* **TASK STATEMENT**:
Your response should contain exactly the lines running from the one with "Отец Павел также" to the end of the data below, both included, and no pictures.

* **INFORMATION SUPPLIED**:
- Opening Delimiter -

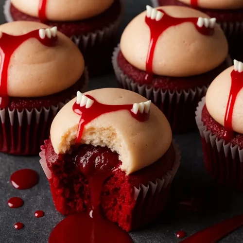 Once served, these Vampire Bite Halloween Cupcakes become more than dessert—they’re a conversation starter, centerpiece, and crowd-pleaser all in one.
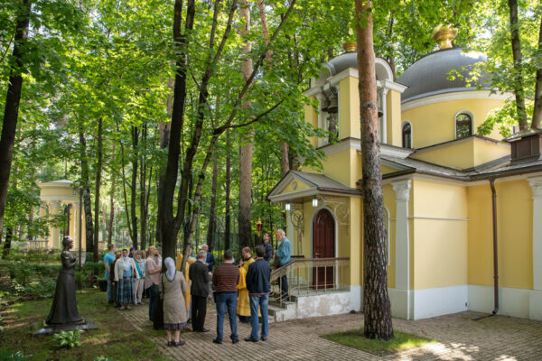 Отец Павел также отметил, что образ Великой княгини Елизаветы Фёдоровны, которая вслед за своим супругом возглавляла Императорское Православное Палестинское Общество, объединяет весь мир, освещает путь и соединяет людей. Прислуживал отцу Павлу молодой священник из Франции, действительный член ИППО Егор Соловьев. Перед чаепитием, на которое все собрались после службы, он прочёл «Отче наш» на французском языке.
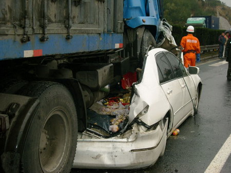 据大货车司机介绍,事发前,他的车行驶在白色小轿车后面,突然小轿车撞上了前面的货车,这时他的车离小轿车还有二三十米,他连忙踩刹车,但刹车突然失灵,大货车径直冲向小轿车。据该司机说,由于当时天下着雨,路上很滑,所以才导致刹车失灵。

- Closing Delimiter -

* **SOLUTION**:
 Отец Павел также отметил, что образ Великой княгини Елизаветы Фёдоровны, которая вслед за своим супругом возглавляла Императорское Православное Палестинское Общество, объединяет весь мир, освещает путь и соединяет людей. Прислуживал отцу Павлу молодой священник из Франции, действительный член ИППО Егор Соловьев. Перед чаепитием, на которое все собрались после службы, он прочёл «Отче наш» на французском языке.
 据大货车司机介绍,事发前,他的车行驶在白色小轿车后面,突然小轿车撞上了前面的货车,这时他的车离小轿车还有二三十米,他连忙踩刹车,但刹车突然失灵,大货车径直冲向小轿车。据该司机说,由于当时天下着雨,路上很滑,所以才导致刹车失灵。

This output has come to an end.